__What you should do__.
Omit all pictures, then print the entries exactly.

__Records shown__.
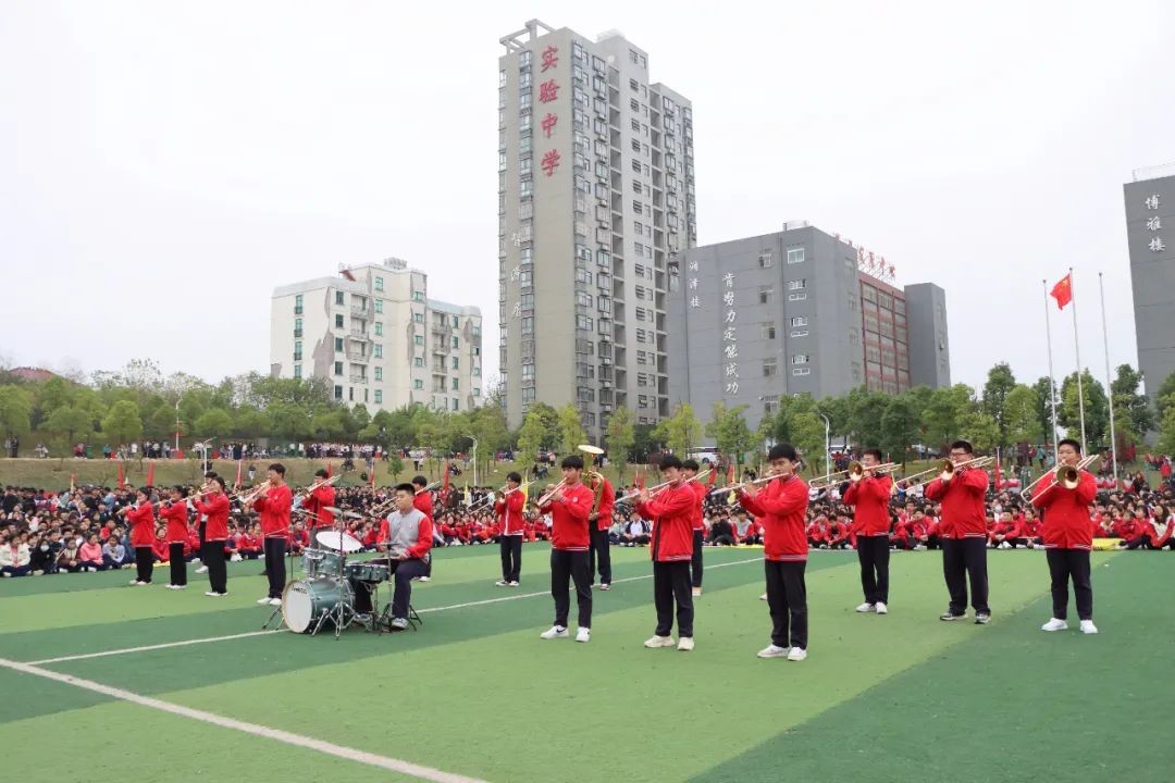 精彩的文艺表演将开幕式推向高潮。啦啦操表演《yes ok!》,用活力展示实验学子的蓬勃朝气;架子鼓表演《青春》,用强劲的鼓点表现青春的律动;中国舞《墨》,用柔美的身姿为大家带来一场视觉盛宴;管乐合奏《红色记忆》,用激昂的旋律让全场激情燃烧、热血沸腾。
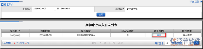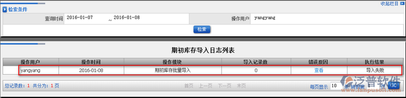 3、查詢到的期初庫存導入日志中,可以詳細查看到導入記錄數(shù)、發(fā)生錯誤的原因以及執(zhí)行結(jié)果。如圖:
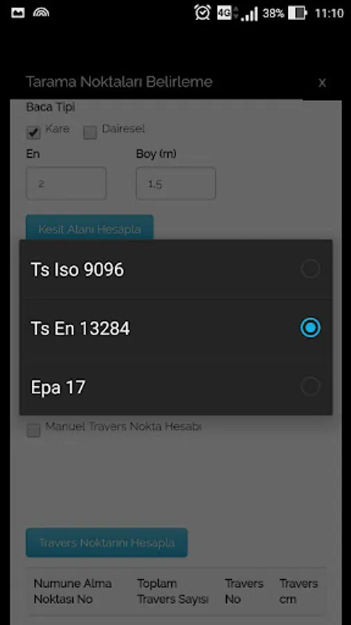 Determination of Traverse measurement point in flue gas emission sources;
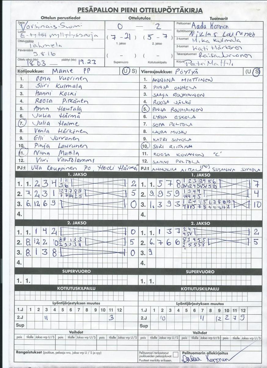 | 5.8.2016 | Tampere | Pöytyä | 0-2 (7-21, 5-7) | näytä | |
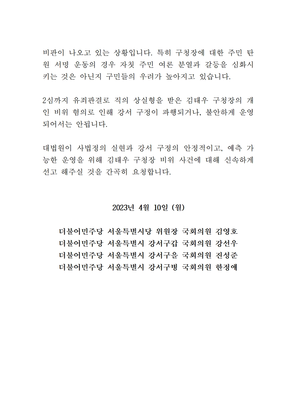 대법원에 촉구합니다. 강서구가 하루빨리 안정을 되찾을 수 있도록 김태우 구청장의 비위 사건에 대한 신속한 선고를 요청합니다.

__Answer space__.
 精彩的文艺表演将开幕式推向高潮。啦啦操表演《yes ok!》,用活力展示实验学子的蓬勃朝气;架子鼓表演《青春》,用强劲的鼓点表现青春的律动;中国舞《墨》,用柔美的身姿为大家带来一场视觉盛宴;管乐合奏《红色记忆》,用激昂的旋律让全场激情燃烧、热血沸腾。
 3、查詢到的期初庫存導入日志中,可以詳細查看到導入記錄數(shù)、發(fā)生錯誤的原因以及執(zhí)行結(jié)果。如圖:
 Determination of Traverse measurement point in flue gas emission sources;
 | 5.8.2016 | Tampere | Pöytyä | 0-2 (7-21, 5-7) | näytä | |
 대법원에 촉구합니다. 강서구가 하루빨리 안정을 되찾을 수 있도록 김태우 구청장의 비위 사건에 대한 신속한 선고를 요청합니다.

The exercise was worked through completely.